The invention manages through metadata: and establishing a set of metadata corresponding to each type of log, storing the log and the variable and reasonably configuring the log, and configuring the information in a management background. And the regular expression can be used for screening logs meeting the rule, intercepting important parameters and finally establishing a corresponding relation with the variables in the variable storage. And simultaneously, a mapreduce program is adopted, the number of required reduce is calculated according to the size of an original log file, and a cleaning logic is written through variable storage and configuration to finally finish a cleaning flow.
Meanwhile, the invention also discloses a general original log cleaning method which comprises the following steps,
establishing metadata corresponding to each type of log, and storing regular expressions and matched fields corresponding to the metadata;
configuring and storing a plurality of cleaning tasks corresponding to the metadata one by one and storage paths, storage formats and compression formats corresponding to each cleaning task; the configuration is stored using a zookeeper.
And identifying corresponding metadata according to the log type, completing the cleaning step by adopting a Mapreduce program according to the cleaning task configuration, and performing preset storage, and simultaneously, automatically judging the number of the products by the Mapreduce program according to the size of the input data so as to produce a block file with a proper size.

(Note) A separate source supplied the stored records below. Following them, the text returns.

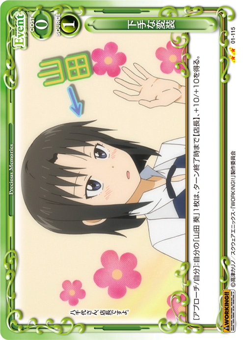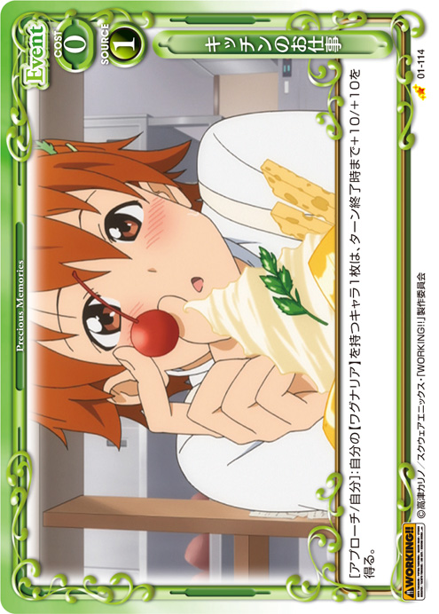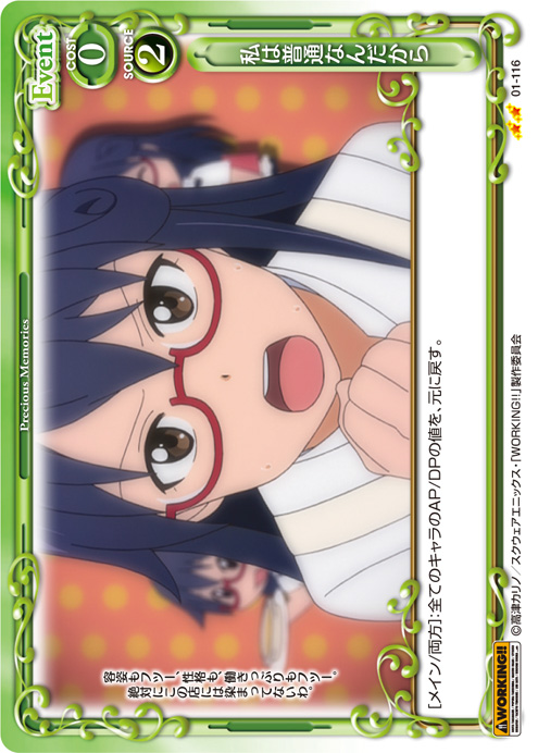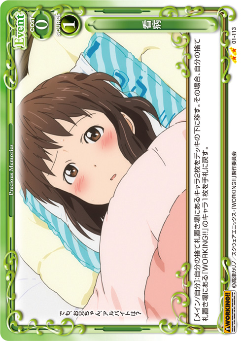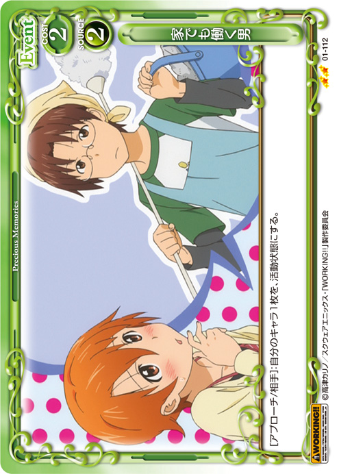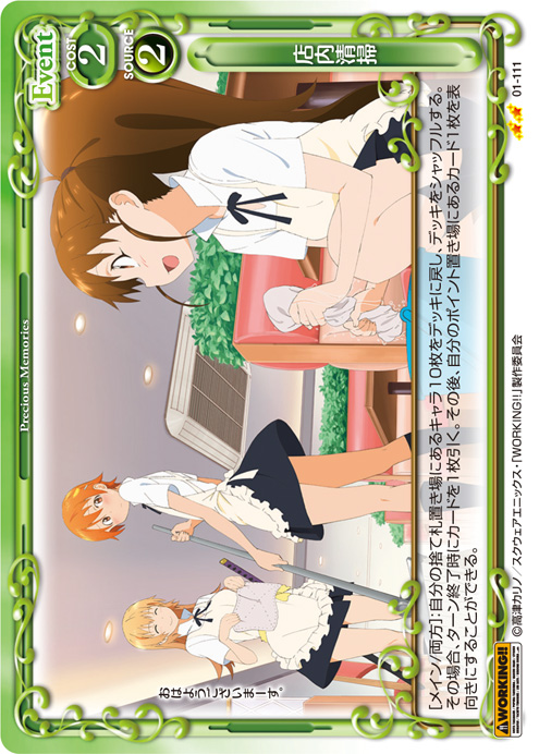 | [メイン/自分]:自分の捨て札置き場にあるキャラ2枚をデッキの下に移す。その場合、自分の捨て札置き場にある『WORKING!!』のキャラ1枚を手札に戻す。 | ||
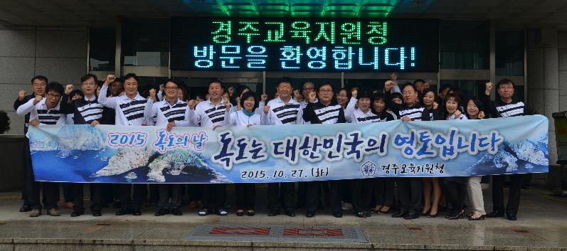 경주교육지원청(교육장 정두락)에서는 ‘독도의 날’을 기념하여 2015.10. 27.(화) 1층 현관 앞에서 일본 문부과학성 역사 교과서 왜곡 규탄 결의 대회를 실시하였다.
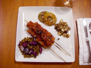 At about the same time the mushrooms and edamame were finished, K came back inside with some tasty-smelling pork skewers (and two hungry dogs nearby in his wake).
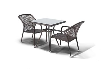 Обеденная группа Корто изготовлена из высококачественного искусственного ротанга коричневого цвета. Имеет плоское ручное плетение и прочный алюминиевый каркас с максимальной нагрузкой до 200 кг. Столешница - крепкое закаленное стекло толщиной 5 мм. Ножки отделаны алюминием. В комплектацию включены:
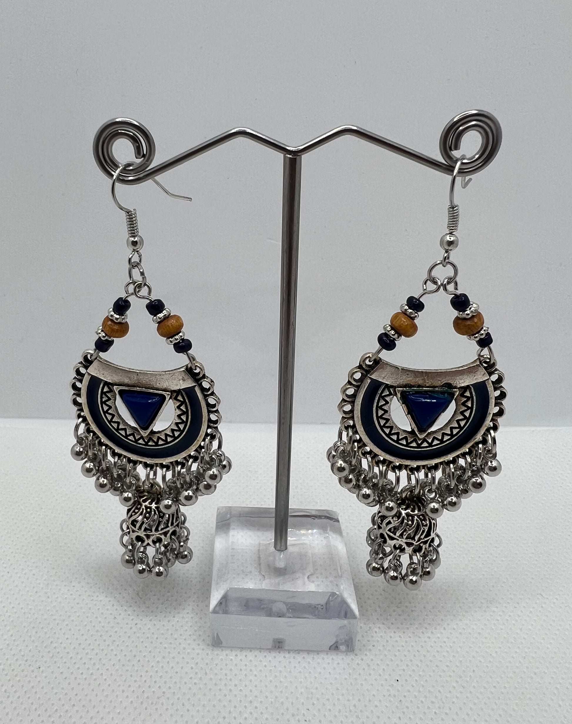 •Boucles d'oreilles cloutées en pierre oxydée.
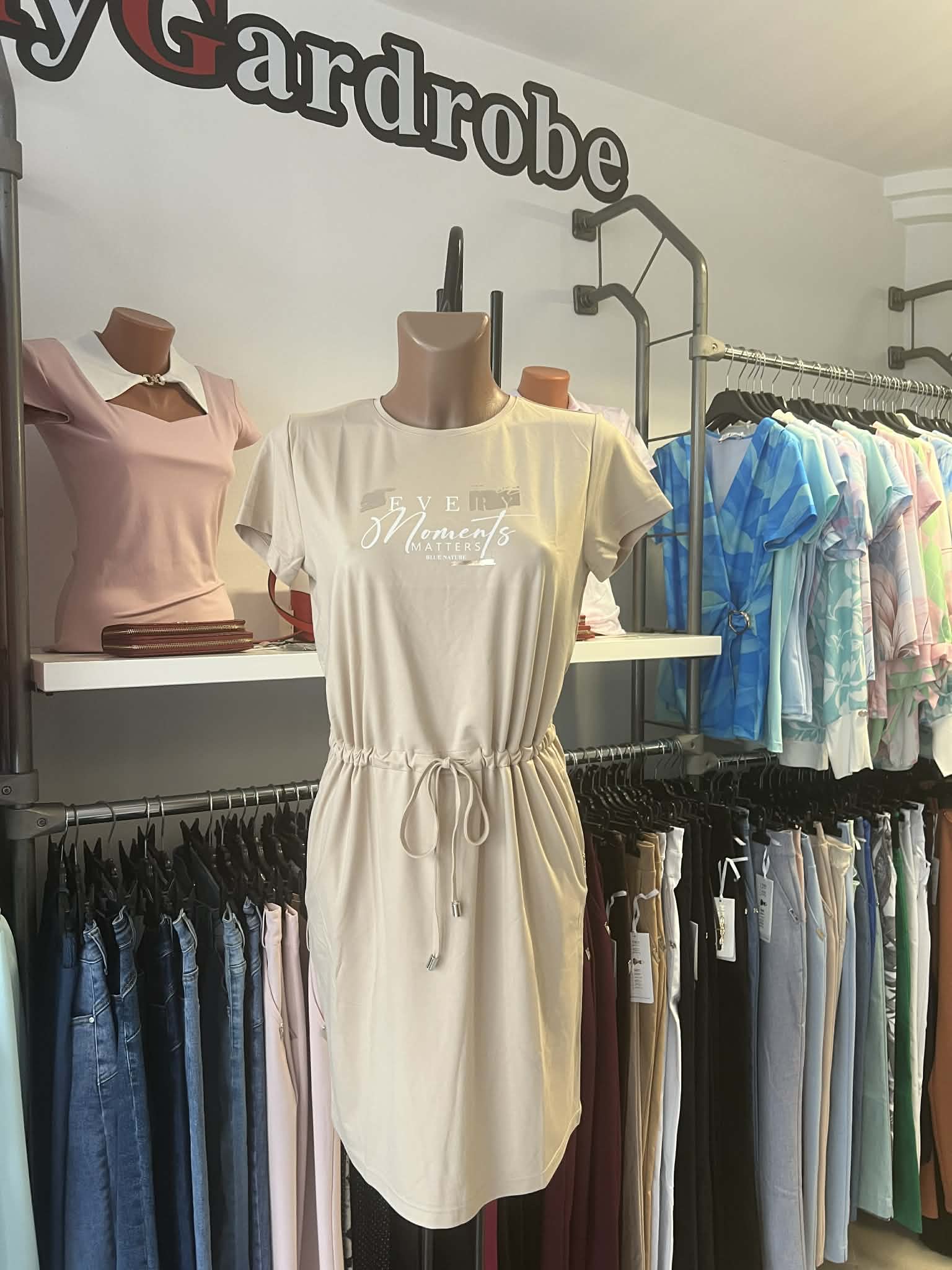 Elöl nyomott mintás, zsebes, kötős, poliészter viszkóz elasztán anyagú ruha.
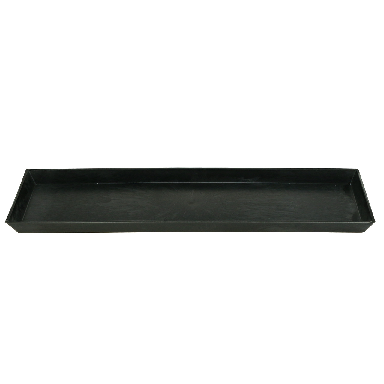 Das Dekotablett in der Farbe Anthrazit besteht vollständig aus Kunststoff. Die Innenmaße betragen etwa 40 x 12 Zentimeter und die Außenmaße etwa 43,5 x 12,5 Zentimeter. Die Höhe beträgt ungefähr 2 Zentimeter.
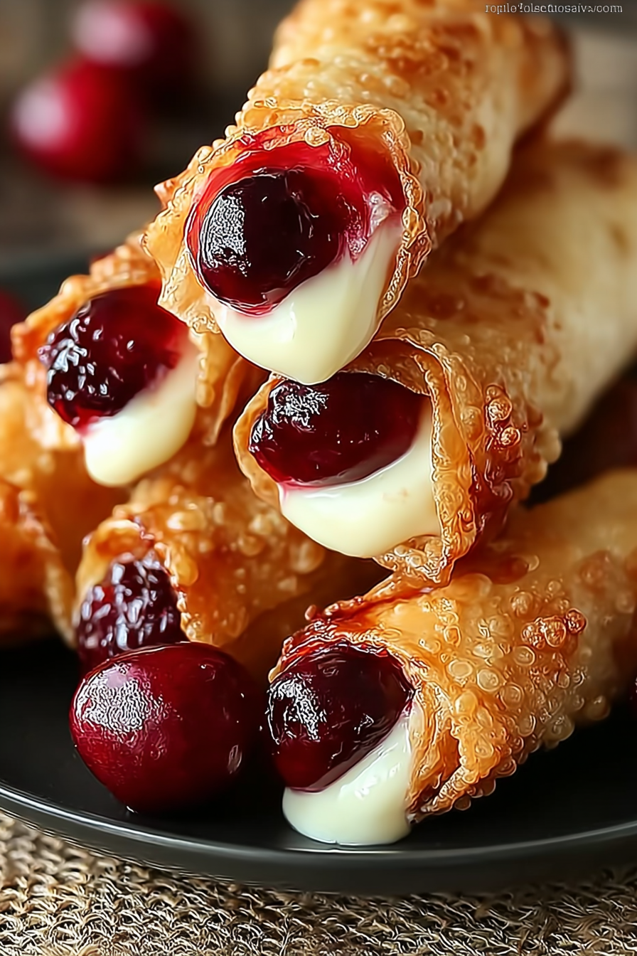 - With their golden-brown, crispy exterior and vibrant red cherry filling, these egg rolls are a visual treat, making them a show-stopping dessert for any occasion.
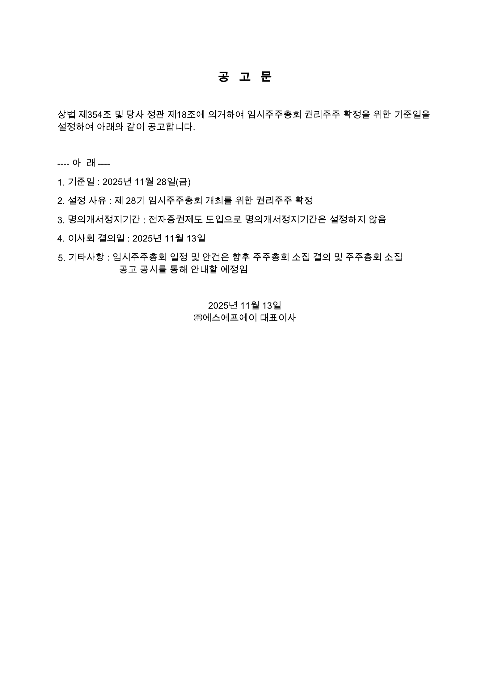 권리주주 확정을 위한 기준일 설정

The number of reduce= (total size of input data/size of hdfs block 3 (default block size is 128 m)) +1
Where 3 is the compression ratio, this value can be adjusted to make the size of the file produced by each reduction as small as possible, according to the compression algorithm, slightly smaller than the block size.
Before the cleaning operation is submitted, the configuration information of the zookeeper is read according to the cleaning task information, the compression and storage configuration is found first and used for submitting the cleaning operation, and in the Mapreduce stage, the configuration information of the field of the zookeeper and the regular matching relation are read according to the cleaning task information, so that the cleaning of the data is completed. The principle of Mapreduce is not discussed here, but is not a key technical point of this invention, and only uses these techniques. The invention improves the development efficiency, automatically optimizes the size of the hdfs block and reduces the probability of mistakes made by some new staff.
The foregoing is merely a preferred embodiment of the present invention and it should be noted that modifications and adaptations to those skilled in the art may be made without departing from the principles of the present invention, which are intended to be comprehended within the scope of the present invention.